Vr. en Antw., Senaat, 1999-2000, nr. 2-16, blz. 731-732

Bull. nr. 808, pag. 2229

Opeenvolgende rechtzettingen - Bezwaarschriften

VRAAG

Het kan gebeuren dat de Administratie der Directe Belastingen verschillende opeenvolgende rechtzettingen inkohiert ten aanzien van een zelfde belastingplichtige voor hetzelfde aanslagjaar en met het doel achtereenvolgende rechtzettingen te doen voor dezelfde inkomsten (bijvoorbeeld inkomsten van een welbepaalde beroepsactiviteit die door die belastingplichtige wordt uitgeoefend).

Laten we uitgaan van de veronderstelling dat de belastingplichtige de belastbare inkomsten voortkomend uit zijn beroepsactiviteit, met een juiste en volledige aangifte 100 aangeeft, doch dat de Administratie in een eerste fase meent (1e bijkomende aanslag) dat het totaal van het belastbare inkomen 120 bedraagt en in een tweede fase (2e bijkomende aanslag) zich bedenkt en meent dat dit bedrag 130 moet zijn.


Mijn vraag heeft betrekking op de procedure.


De belastingplichtige dient bij de gewestelijk directeur van de Directe Belastingen een bezwaarschrift in terwijl de termijn voor het indienen van bezwaar tegen de 2e bijkomende aanslag nog loopt terwijl de termijn voor het indienen van bezwaar tegen de 1e bijkomende aanslag reeds is verstreken. Deze belastingplichtige onderstreept dat zijn bezwaar betrekking heeft op de twee bijkomende aanslagen en steunt daarbij op artikel 367 van het WIB.

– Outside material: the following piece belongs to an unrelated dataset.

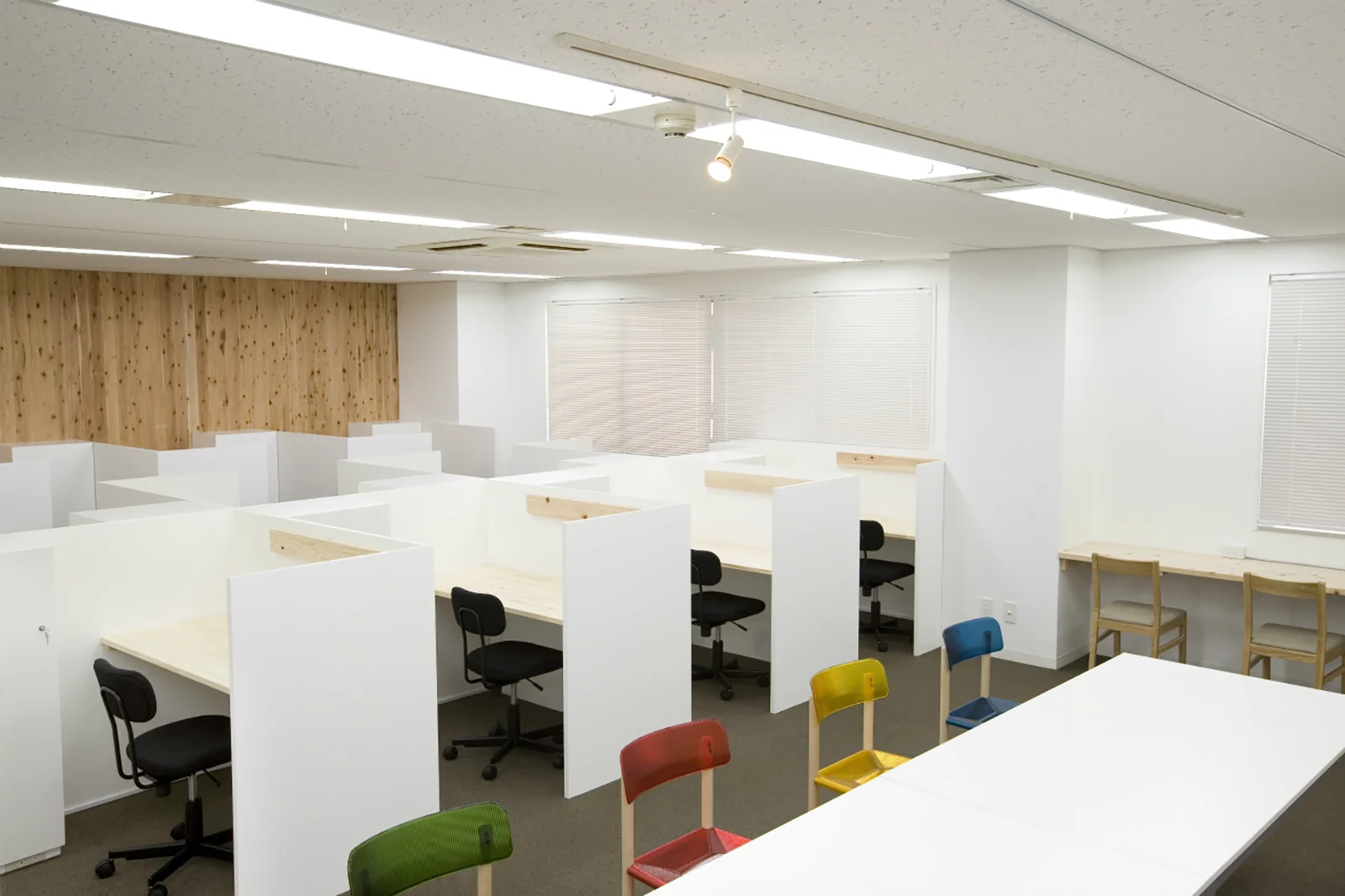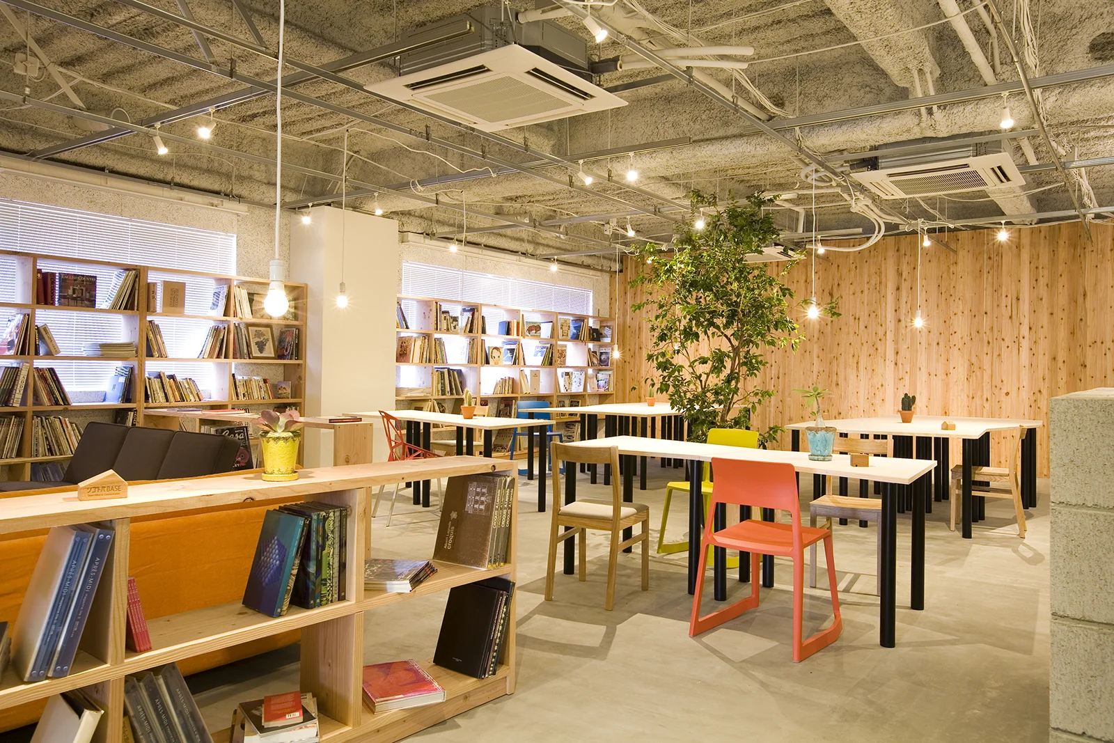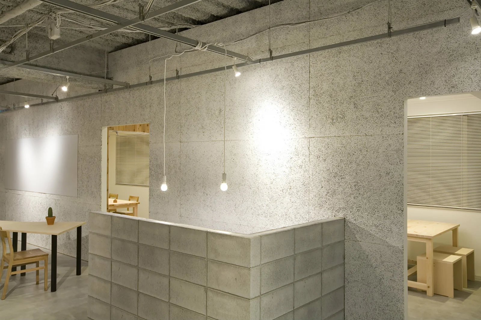 北堀江の商業ビルの3階にオープンしたクリエーターむけのシェアオフィス。 もともと事務所として使用していた階をシェアオフィスへと仕様変更しました。 ブロックを使用したり、壁材に木を利用したりして、シンプルな中にも温かみのあるデザインに仕上がっています。
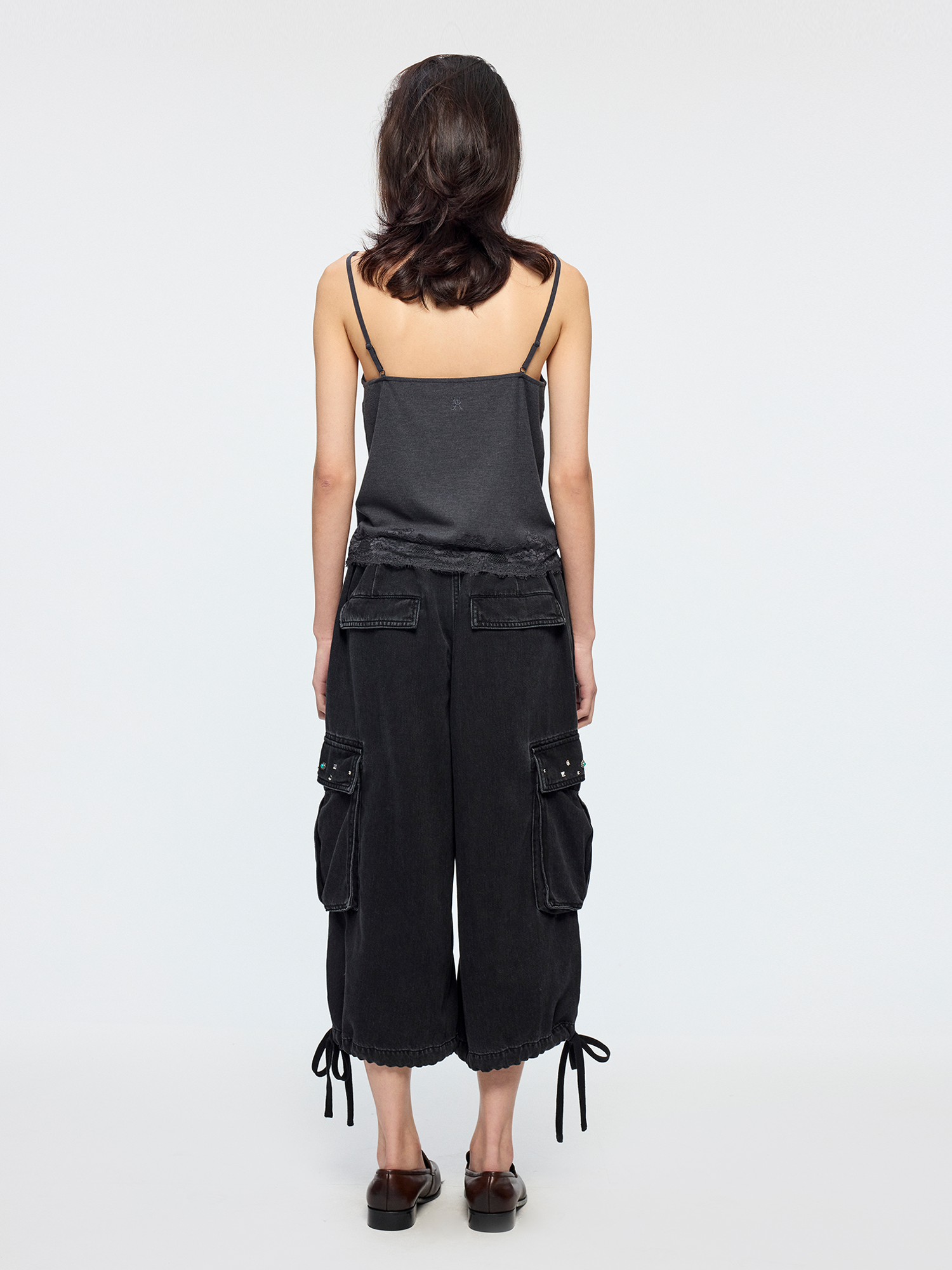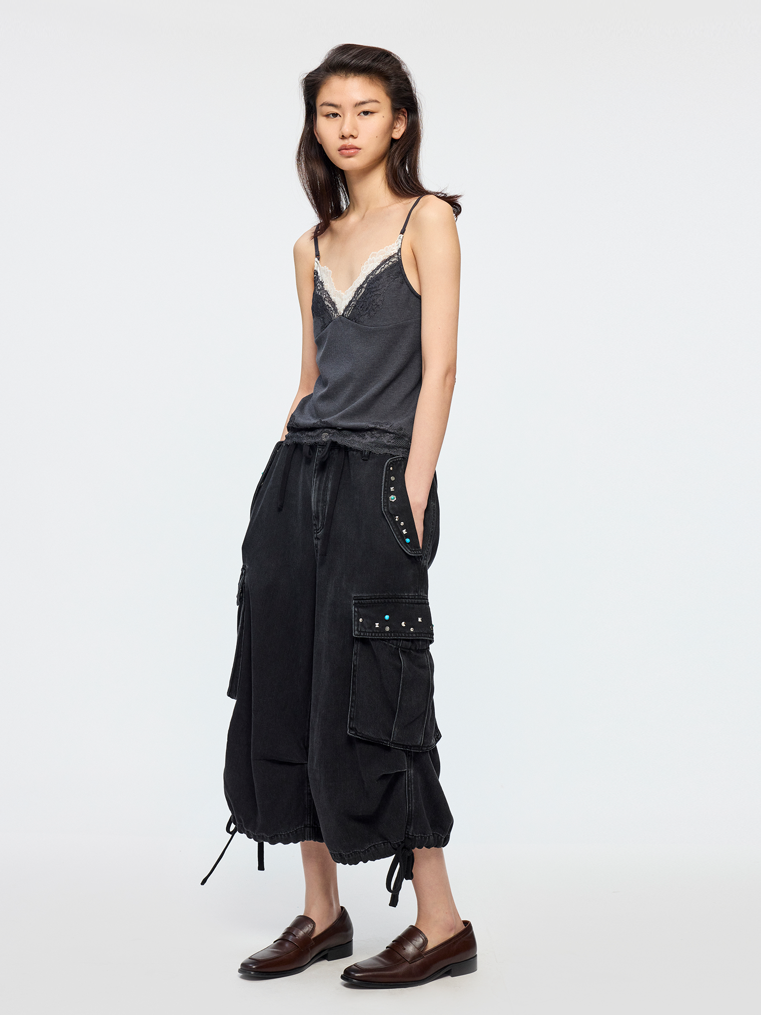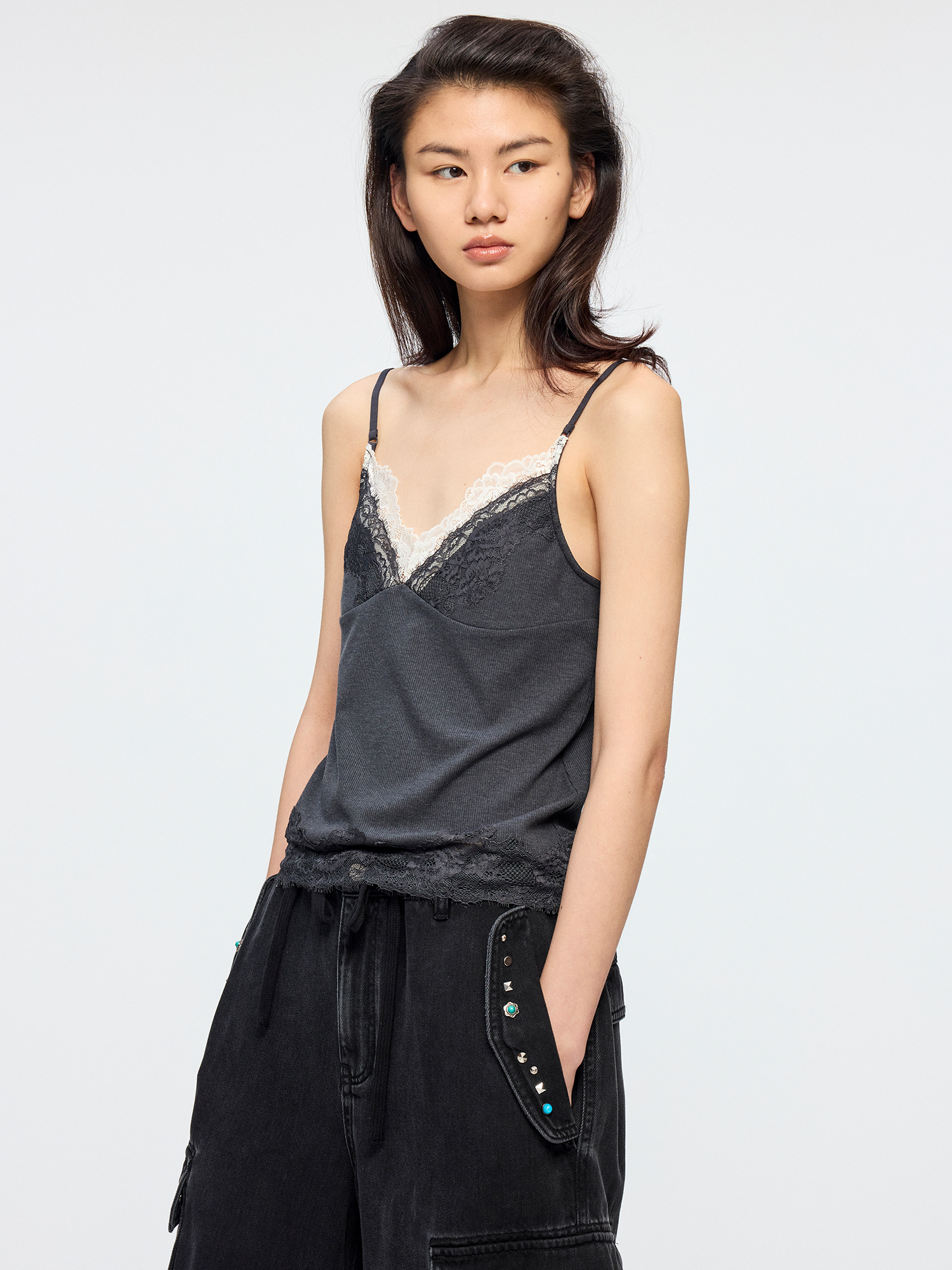 Mock-layer camisole design creates a casual layered look. Irregular hand-guided lace embroidery adds romantic spontaneity.

Ik meen dat deze belastingplichtige gelijk heeft en dat het bezwaarschrift dat hij aan de directeur gestuurd heeft betrekking heeft op de twee bijkomende aanslagen en vanzelfsprekend niet alleen maar op de laatste.


Deelt u mijn mening?


ANTWOORD

In het door het geachte lid beoogde geval is de gewestelijke directeur slechts gevat door de tweede supplementaire aanslag.

Door het ontbreken van een regelmatig bezwaarschrift binnen de wettelijke termijn, is de eerste aanslag immers definitief geworden ten opzichte van de belastingplichtige, in die zin dat de belasting geacht wordt wettelijk verschuldigd te zijn en de belastingplichtige wegens verjaring geen bezwaarrecht meer heeft tegen die aanslag.

Aangezien het bezwaarschrift tegen de tweede supplementaire aanslag gegrond is op afzonderlijke inkomsten geldt het niet tegen de eerste supplementaire aanslag (zie Cass., 27 september 1957, Deliège, Pas. I, 62). Artikel 367 van het Wetboek van de Inkomstenbelastingen 1992 laat immers niet toe die definitief geworden aanslag te betwisten.

Ingevolge het arrest van het Hof van Cassatie van 11 mei 1965 (Pas. I, 972) kan evenwel worden gesteld dat de belastingplichtige die met een supplementaire aanslag geconfronteerd wordt, niettegenstaande het feit dat de oorspronkelijke aanslag (in dit geval de eerste supplementaire aanslag) onherroepelijk is geworden door het ontbreken van een regelmatig bezwaarschrift, de mogelijkheid heeft om de werkelijkheid of de juistheid van de bestanddelen die geleid hebben tot de vaststelling van de belastbare grondslag van de oorspronkelijke aanslag te betwisten, om de grondslag van de supplementaire aanslag vast te stellen en het juiste bedrag van de aanslag of de afwezigheid van een onvoldoende aanslag aan te tonen.

De eventuele ontheffingen die hieruit voortvloeien kunnen slechts worden verleend tot het bedrag dat in de tweede supplementaire aanslag werd ingekohierd, gelet op de beperking van de saisine van de gewestelijke directeur tot die aanslag en gelet op het definitief karakter van de eerste supplementaire aanslag.